2. The temperature field distribution of the piston was obtained by using the heat transfer boundary determined from the transient oil-cooling CFD calculations. The highest temperature of this piston without cooling gallery was 378.9°C, and the highest temperature with cooling gallery was 354.2°C (a temperature decrease of 24.7°C). After adding the cooling gallery, the temperature of the combustion chamber and the piston land dropped by ~20°C. The temperature comparison between cases with and without the cooling gallery indicated that the oscillating heat transfer of the cooling gallery can effectively reduce the thermal load on the piston crown and the piston lands.

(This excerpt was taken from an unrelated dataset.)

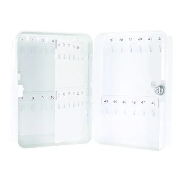 Wo sollen Ihre Schlüssel hin? Natürlich in die Schlüsselkassette TS 48 aus Stahlblech von Rottner Tresor! 48 Schlüssel bringen Sie auf den fortlaufend nummerierten Hakenleisten unter. Die Schlüsselkassette schließt mit einem Zylinderschloss und ist für die Wandmontage vorgesehen. Eine ordentliche und sichere Schlüsselverwahrung. Sie verschwenden keine Zeit mehr mit einer unnötigen Schlüsselsuche. Auch alle anderen Personen in Ihrem Umfeld, die Zugang zu dieser Schlüsselkassette haben, wissen, wo Sie Ihre Schlüssel sicher hinterlegen können.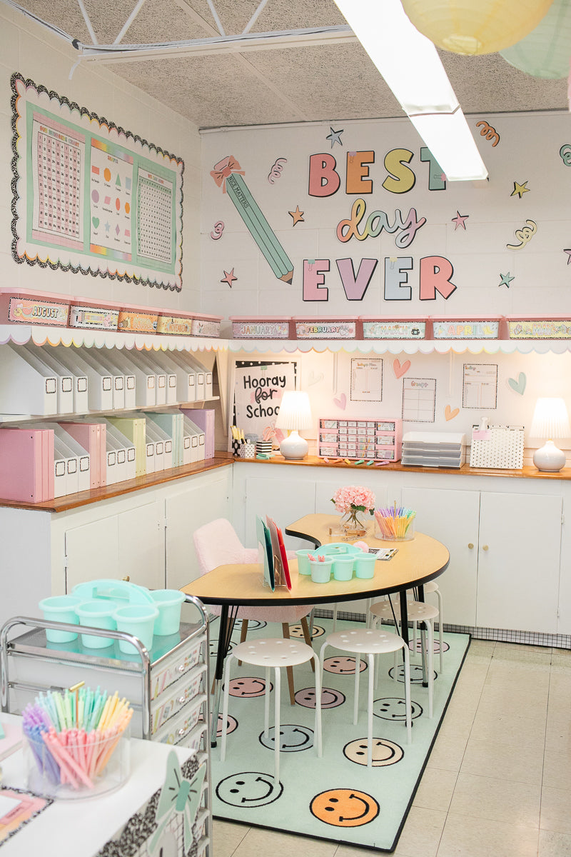 Start with warm, inviting elements like rugs, soft color palettes, and bulletin boards that feature student work. Layer in borders, door decor, and simple cutouts to add personality. Schoolgirl Style collections are designed to help teachers create a space that feels homey—not overwhelming.

3. Comparison of the piston temperature test results with the calculated results revealed that the maximum error between the calculated temperature and the measured temperature was ~3.18%. The method used to obtain a temperature field to calculate the cooling gallery heat transfer boundary from the transient calculation results is thus well in line with the actual situation and further validates the accuracy of the oscillating cooling calculation model in this study.

Funding Statement: This work was supported by the Science Fund of State Key Laboratory of Engine Reliability [Grant No. Skler-201611].

Conflicts of Interest: The authors declare that they have no conflicts of interest to report regarding the present study.